**REQUIRED WORK**: All of the records should be reproduced word for word, but no images may appear in the copy.

**TASK MATERIAL**:
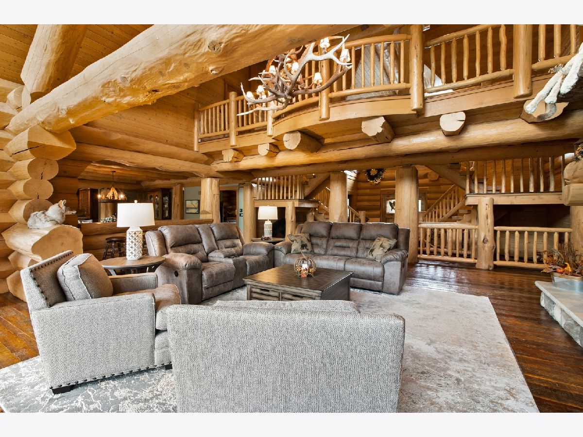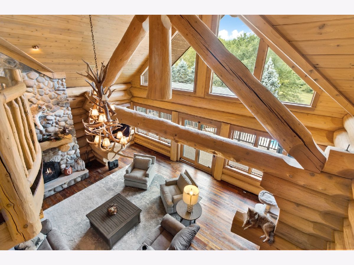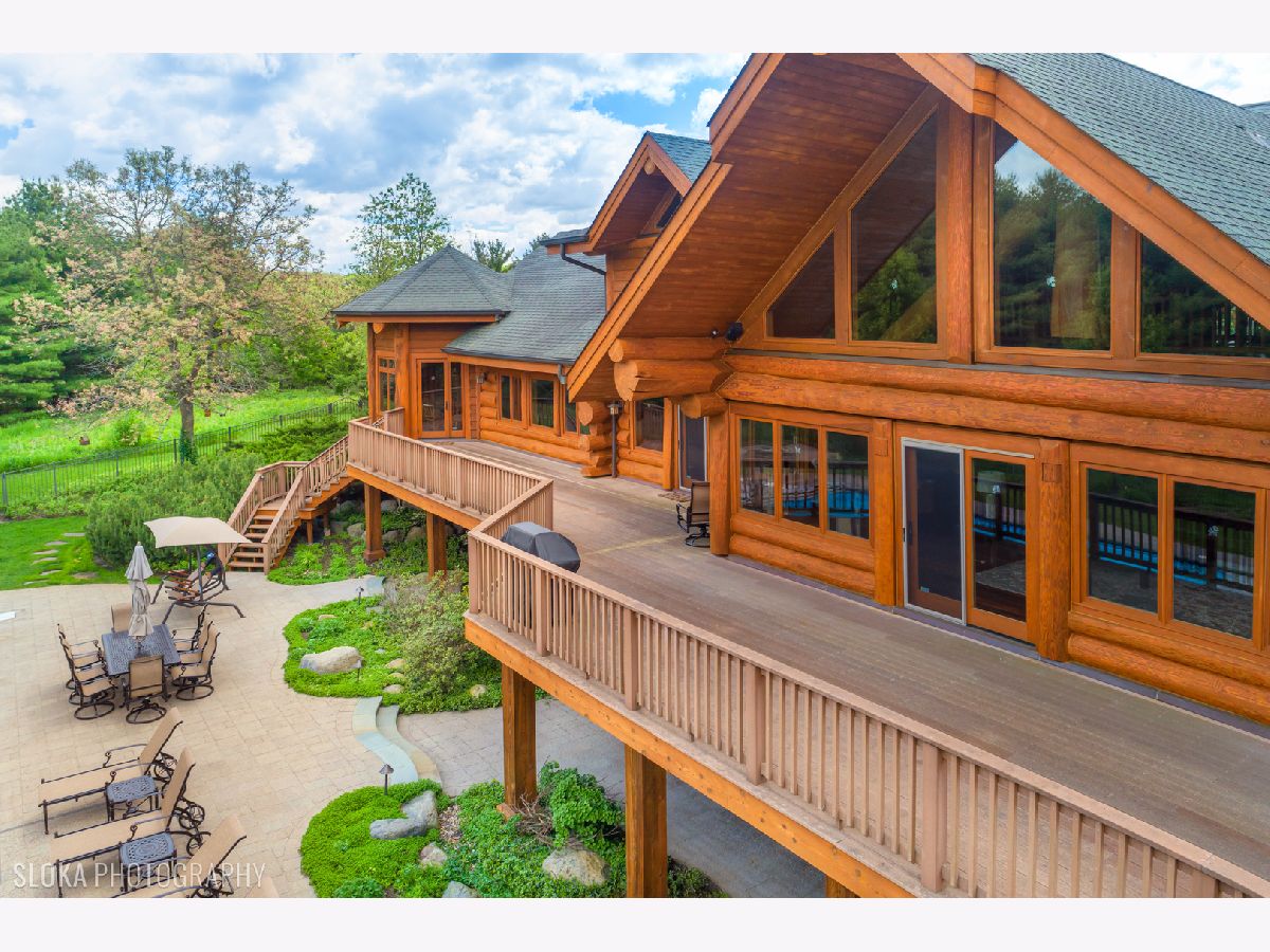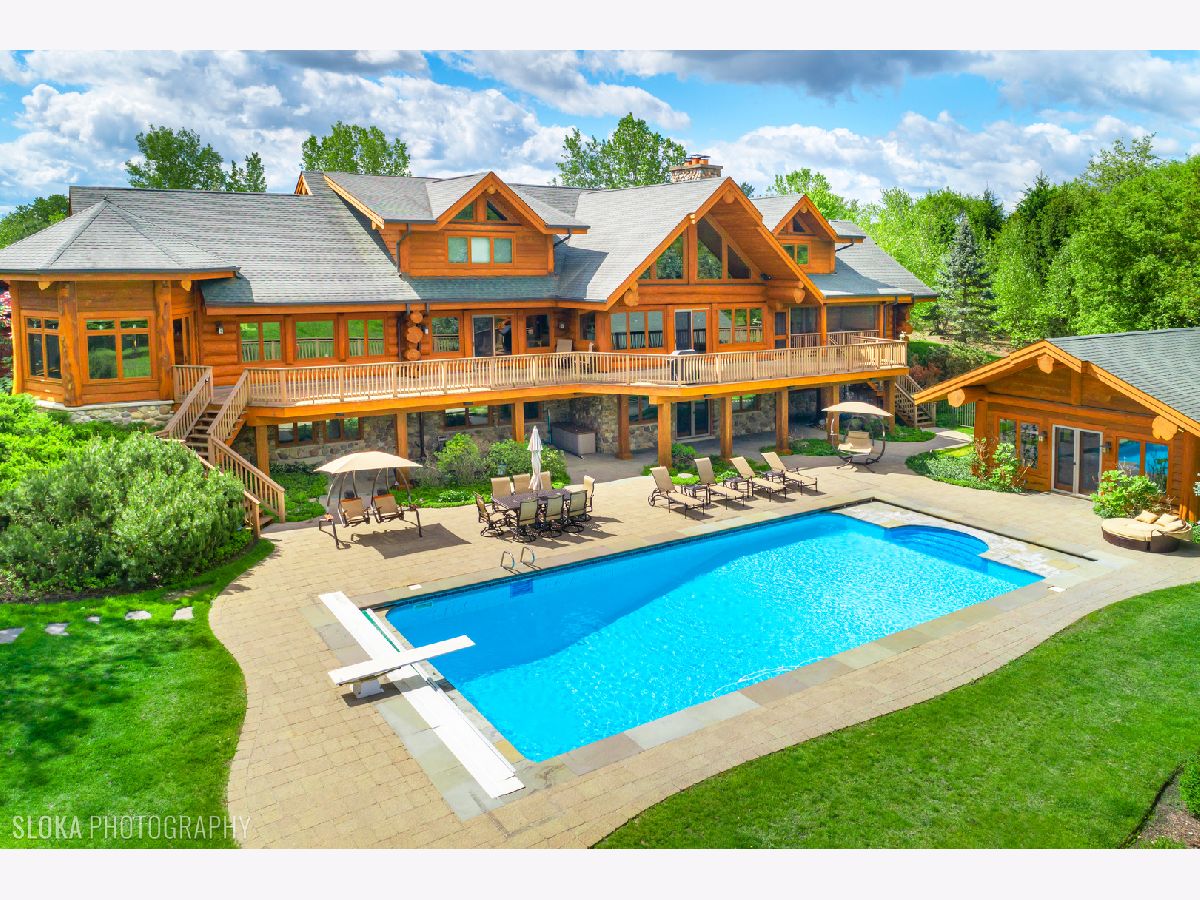Custom home with massive western red cedar logs set on 3 acres in the heart of Bull Valley. This truly is one you have to see. This lodge style home has approximately 11,000 sq. ft. of living space. Highlights include 2 story beamed great room with stone fireplace, open kitchen with cozy breakfast nook. The 1st floor master has a fireplace, his & hers walk-in closets and access to the screen porch. The finished lower level has rec room, twelve-seat home theater, exercise room and a full kitchen for entertaining. The basement opens out to the patio, 22' x 44' pool and separate heated building with hot tub. The home has high end finishes throughout; imported Spanish tile, radiant heat in the floors, Wolf range, steam shower, copper sinks, 4 car heated garage. The truly remarkable thing about this home is the logs themselves, grown in Canada, some 3' in diameter, hand scribed and sculpted to perfection. It is a truly stunning and impressive home.
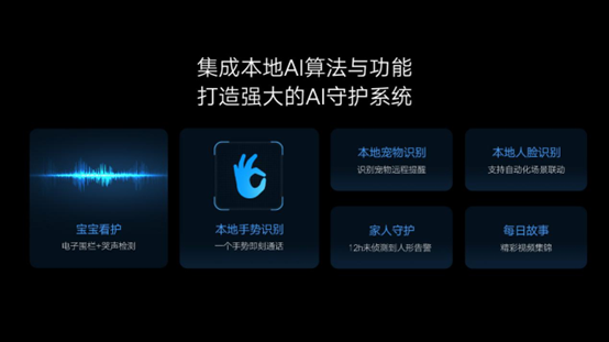 在保障用户基本的看护需求的同时,AI增强版也考量了更多智能功能和人文关怀的体验打造,适用宝爸宝妈、独居女性、家有萌宠等不同人群。
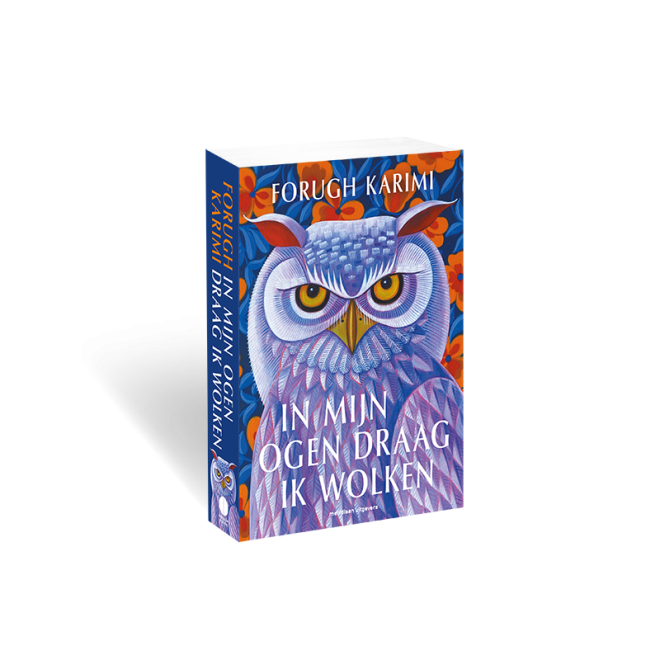 Vanaf de omslag van het gloednieuwe boek van Forugh Karimi kijkt een kleurrijke uil ons indringend aan. Al gauw leren we in In mijn ogen draag ik wolken (2025, Meridiaan) dat uilen in Afghanistan geen boodschappers van wijsheid maar van rampspoed zijn. In deze nieuwe roman sleurt de Afghaans-Nederlandse auteur en psychiater – die zelf op haar vijfentwintigste uit Kabul naar Nederland vluchtte – je mee in het vluchtverhaal van Widá. Karimi verweeft Widá’s familieverhaal met hartverscheurende delen van de Afghaanse geschiedenis die je na dit boek niet meer zult vergeten. We spraken Forugh Karimi over het schrijven van In mijn ogen draag ik wolken, het belang van fictie en waarom ze Widá’s verhaal graag wilde vertellen.
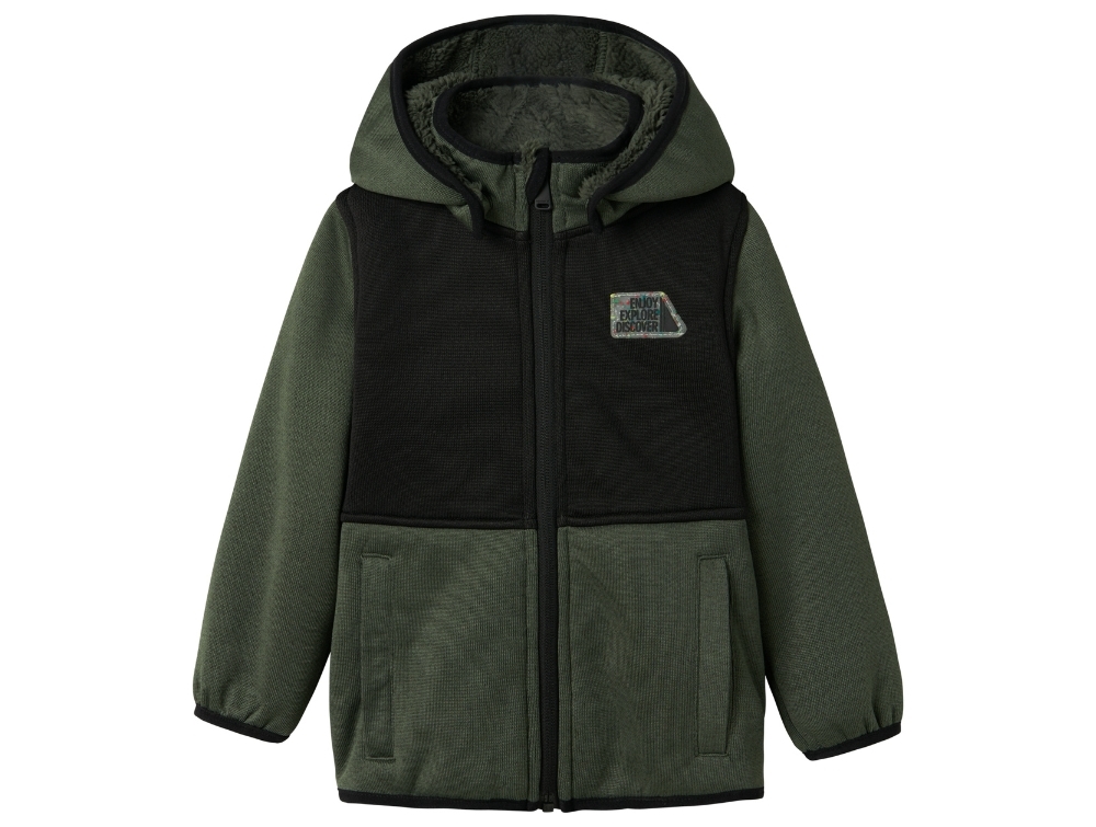 Transitional jacket in the color climbing ivy with teddy lining from Name It.
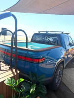 Платформите Uber и Turo обединиха усилия за еднократен промоционален проект. Те превърнаха изцяло електрическия Rivian R1T в минибасейн на колела. Товарният отсек бе напълнен с вода и сега побира няколко души едновременно.
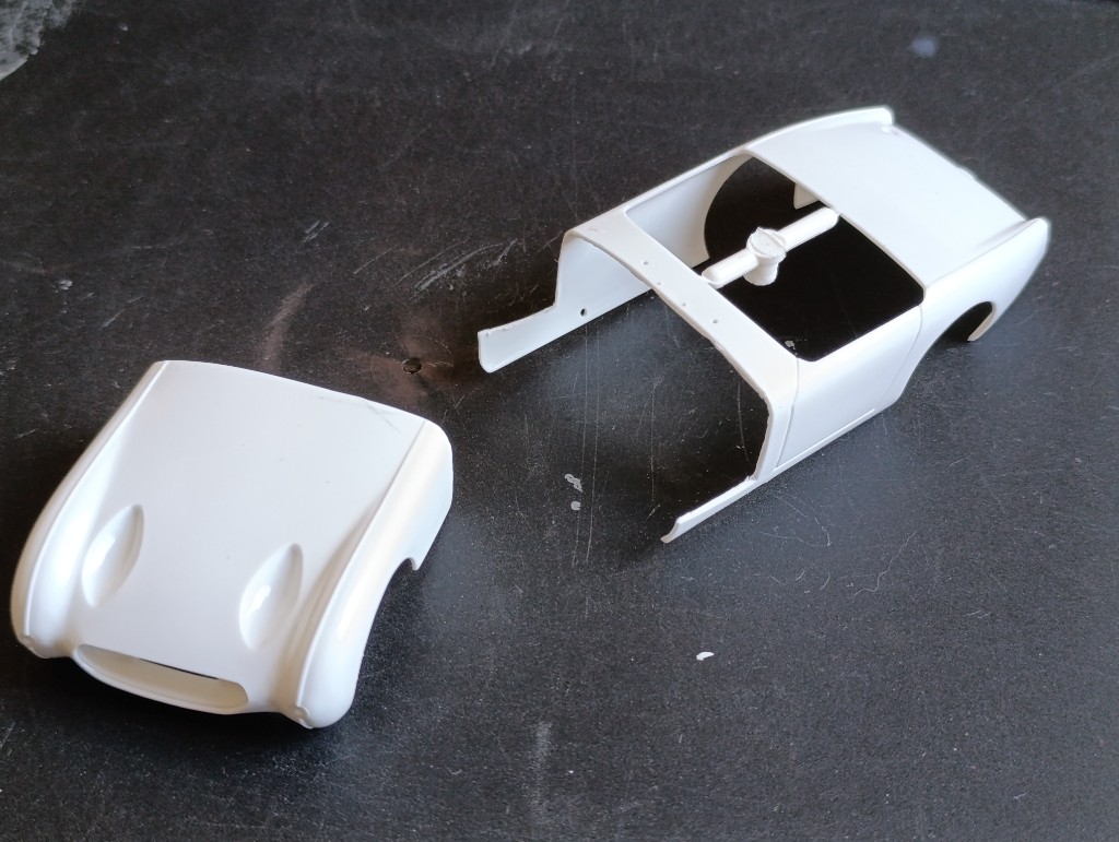 Der Bausatz von Gunze macht an sich erstmal nicht viel her und ist eher einfach gehalten. Erschienen bereits 1985 und in dieser Auflage 1992 auf den Markt erschienen. Die Teile sind sauber und übersichtlich. Das Fahrzeug besteht zu einem Großteil nur aufs dem Fahrzeug Oberteil, ergänzt durch den Fahrgastbereich. Hierfür reichen auch nur die Wanne und Unterseite, zwei weiße Gußrahmen, zwei verchromte Guß Rahmen und einen Gußrahmen mit Weichplastik. Aber das reicht mir persönlich nicht:
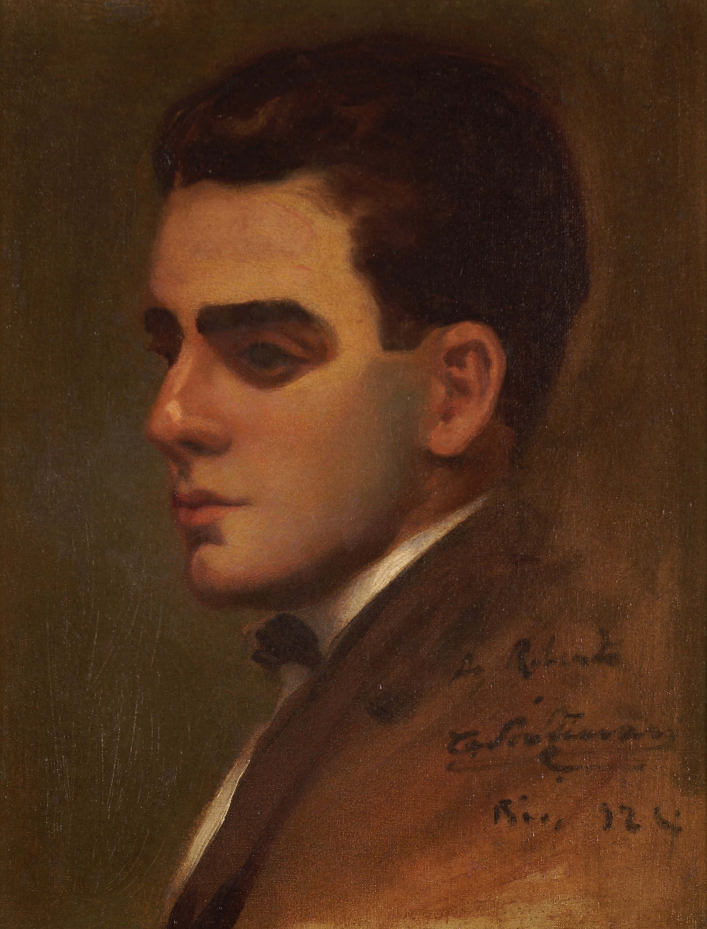 1922-1928: Desde 1922, Portinari concorria sempre aos “Salões” com retratos de seus amigos, que inicialmente passaram inobservados, até que o retrato de Paulo Mazuchelli lhe rendeu alguns prêmios. Naquele 1928 Portinari, com o retrato do poeta Olegário Mariano[4], ganhou o prêmio de Viagem ao Estrangeiro; partiu para Paris e visitou – 1929-1930 – visitando também a Inglaterra, a Itália e a Espanha, percorrendo museus e galerias. Declarou antes de sua partida: “entendo que a estadia na Europa não deve ser aproveitada pelo pintor para uma produção intensa e quase nada meditada, como têm feito alguns colegas. Considero-o um prêmio de observação. O que vou fazer é observar, pesquisar, tirar da obra dos grandes artistas – do passado nos museus, ou do presente nas galerias – os elementos que melhor se prestem à afirmação de uma personalidade. Procurarei encontrar o caminho definitivo de minha arte fazendo estudos e nunca quadros grandes... .”

**RESULT**:
Custom home with massive western red cedar logs set on 3 acres in the heart of Bull Valley. This truly is one you have to see. This lodge style home has approximately 11,000 sq. ft. of living space. Highlights include 2 story beamed great room with stone fireplace, open kitchen with cozy breakfast nook. The 1st floor master has a fireplace, his & hers walk-in closets and access to the screen porch. The finished lower level has rec room, twelve-seat home theater, exercise room and a full kitchen for entertaining. The basement opens out to the patio, 22' x 44' pool and separate heated building with hot tub. The home has high end finishes throughout; imported Spanish tile, radiant heat in the floors, Wolf range, steam shower, copper sinks, 4 car heated garage. The truly remarkable thing about this home is the logs themselves, grown in Canada, some 3' in diameter, hand scribed and sculpted to perfection. It is a truly stunning and impressive home.
 在保障用户基本的看护需求的同时,AI增强版也考量了更多智能功能和人文关怀的体验打造,适用宝爸宝妈、独居女性、家有萌宠等不同人群。
 Vanaf de omslag van het gloednieuwe boek van Forugh Karimi kijkt een kleurrijke uil ons indringend aan. Al gauw leren we in In mijn ogen draag ik wolken (2025, Meridiaan) dat uilen in Afghanistan geen boodschappers van wijsheid maar van rampspoed zijn. In deze nieuwe roman sleurt de Afghaans-Nederlandse auteur en psychiater – die zelf op haar vijfentwintigste uit Kabul naar Nederland vluchtte – je mee in het vluchtverhaal van Widá. Karimi verweeft Widá’s familieverhaal met hartverscheurende delen van de Afghaanse geschiedenis die je na dit boek niet meer zult vergeten. We spraken Forugh Karimi over het schrijven van In mijn ogen draag ik wolken, het belang van fictie en waarom ze Widá’s verhaal graag wilde vertellen.
 Transitional jacket in the color climbing ivy with teddy lining from Name It.
 Платформите Uber и Turo обединиха усилия за еднократен промоционален проект. Те превърнаха изцяло електрическия Rivian R1T в минибасейн на колела. Товарният отсек бе напълнен с вода и сега побира няколко души едновременно.
 Der Bausatz von Gunze macht an sich erstmal nicht viel her und ist eher einfach gehalten. Erschienen bereits 1985 und in dieser Auflage 1992 auf den Markt erschienen. Die Teile sind sauber und übersichtlich. Das Fahrzeug besteht zu einem Großteil nur aufs dem Fahrzeug Oberteil, ergänzt durch den Fahrgastbereich. Hierfür reichen auch nur die Wanne und Unterseite, zwei weiße Gußrahmen, zwei verchromte Guß Rahmen und einen Gußrahmen mit Weichplastik. Aber das reicht mir persönlich nicht:
 1922-1928: Desde 1922, Portinari concorria sempre aos “Salões” com retratos de seus amigos, que inicialmente passaram inobservados, até que o retrato de Paulo Mazuchelli lhe rendeu alguns prêmios. Naquele 1928 Portinari, com o retrato do poeta Olegário Mariano[4], ganhou o prêmio de Viagem ao Estrangeiro; partiu para Paris e visitou – 1929-1930 – visitando também a Inglaterra, a Itália e a Espanha, percorrendo museus e galerias. Declarou antes de sua partida: “entendo que a estadia na Europa não deve ser aproveitada pelo pintor para uma produção intensa e quase nada meditada, como têm feito alguns colegas. Considero-o um prêmio de observação. O que vou fazer é observar, pesquisar, tirar da obra dos grandes artistas – do passado nos museus, ou do presente nas galerias – os elementos que melhor se prestem à afirmação de uma personalidade. Procurarei encontrar o caminho definitivo de minha arte fazendo estudos e nunca quadros grandes... .”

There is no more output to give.